Thanks - glad you like it! I probably won't get to all of these but let me try a couple:

1. There's a spectrum (sort of) between using full on RL techniques and just doing sequence modeling. We're trying to pick a reasonable place on that spectrum that lets us model whether things have gone well without doing too much fiddling.

3. It really depends on how closely related the domains are. I think it's safe to say that you should expect more transfer of abstract/high-level capabilities than nitty-gritty things related to the specific domain - that's part of why we're excited about training one big model to use all software tools.

atemerev · on Sept 15, 2022

Many people worry that these things will take over our jobs. Worry not! Imagine how much work will be needed to fix things when these models will screw up, and how much we will charge for hour.

skybrian · on Sept 14, 2022

Wow, what a great way to make a mess online! I can see spammers using it, but who's going to trust this with access to any accounts they care about?

visarga · on Sept 14, 2022

I think it's going to be expensive to run and require an account with AdeptAI. Most usage will be to automate office work, RPA style. They could also detect malicious usage as the model sees the pages and takes actions in those pages.
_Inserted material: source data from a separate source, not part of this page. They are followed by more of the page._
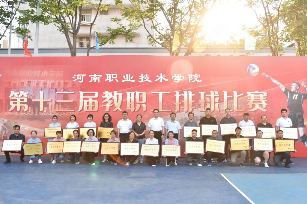 6月13日下午,河南职院第十三届教职工排球比赛圆满落下帷幕。校党委书记厉励出席闭幕式并为获奖代表队颁奖。校党委副书记、工会主席田华致闭幕词。校党委委员、副校长李玉峰主持闭幕式。学校20个分工会的360余名队员参加闭幕式。
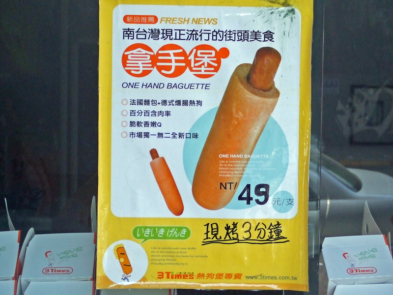 2006年06月23日 (台湾)台湾でみっけ! 小ネタ編その3 台湾の映画館前で売っていたホットドッグもどき。「台湾南部で今大流行している美味しい食べ物」だそうだ。早朝ホテル近くを散歩していて見つけたポスター。お店はまだ開いていなかったので、どんな食べ物か確かめることはできなかった。1本約180円で、3分待ったら熱々を食べることができると書いてあった。 「お仕事紀行」カテゴリの最新記事 < 前の記事次の記事 > コメント コメントフォーム 名前 コメント 評価する リセット リセット 顔 星 投稿する 情報を記憶 トラックバック
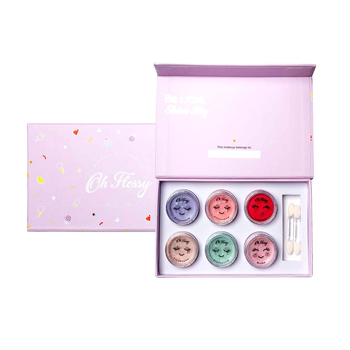 Packaged in a beautiful sprinkle carry case - very fancy! Perfectly pairs with Oh Flossy's Makeup Sets.
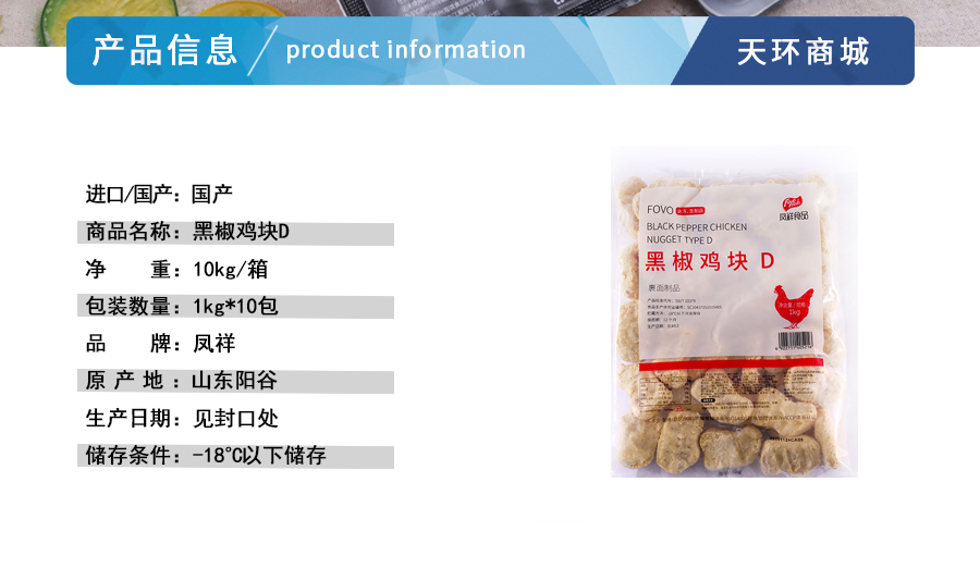 商品名称:【凤祥】黑椒鸡块D 约15-20g/块 1kg*10包 10kg

rajnathani · on Sept 17, 2022

The founders of this company are the main authors of the Transformer architecture: https://techcrunch.com/2022/04/26/2304039/

d--b · on Sept 15, 2022

“Open the pod bay doors, Act-1”

lee101 · on Sept 15, 2022

Awesome, I wonder if the app is recording what we do so it can replicate what we do, or maybe if not it should have a training mode where we tell it what we do then do it so it can learn.

I feel like some of this could one day be built using a shared model that understands HTML and JavaScript code etc with a few example prompts. Or maybe something that understands intent+a browser automation language like Selenium, if not then some custom input output language+training as adept alludes to.
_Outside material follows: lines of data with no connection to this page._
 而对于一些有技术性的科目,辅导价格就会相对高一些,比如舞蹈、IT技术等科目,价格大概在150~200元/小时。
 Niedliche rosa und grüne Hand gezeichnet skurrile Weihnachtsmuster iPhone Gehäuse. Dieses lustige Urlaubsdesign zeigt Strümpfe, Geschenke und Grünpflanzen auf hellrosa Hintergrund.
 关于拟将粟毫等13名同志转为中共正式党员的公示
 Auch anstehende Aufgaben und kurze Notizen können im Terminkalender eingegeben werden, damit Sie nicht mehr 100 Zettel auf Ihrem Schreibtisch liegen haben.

If interested in building something like this also checkout https://text-generator.io which already pulls down links and images to analyse to generate better text so has a lot of the required parts

FeepingCreature · on Sept 15, 2022

Act-1, please fix the hideous low contrast on the adept.ai website.

i_am_toaster · on Sept 14, 2022

I look forward to seeing the progress made on this in the future, but at this time I don’t see any potential in this product.

ryan93 · on Sept 15, 2022

I feel the same way. If cpu speed doubles a few more times maybe this gets useful.

danielbln · on Sept 15, 2022

What a silly take considering all these models use GPUs for inference in a highly parallel fashion.

ryan93 · on Sept 15, 2022

You know what I mean. Transistor size

midislack · on Sept 14, 2022

We gotta stop this lazy "X for Y" marketing crap. Seriously, if your product is just "X for Y" it doesn't even sound like a good pitch.

quickthrower2 · on Sept 15, 2022

Sometimes X for Y just literally means X for Y, like "Milk for lactose intolerant people". I think this is such a case.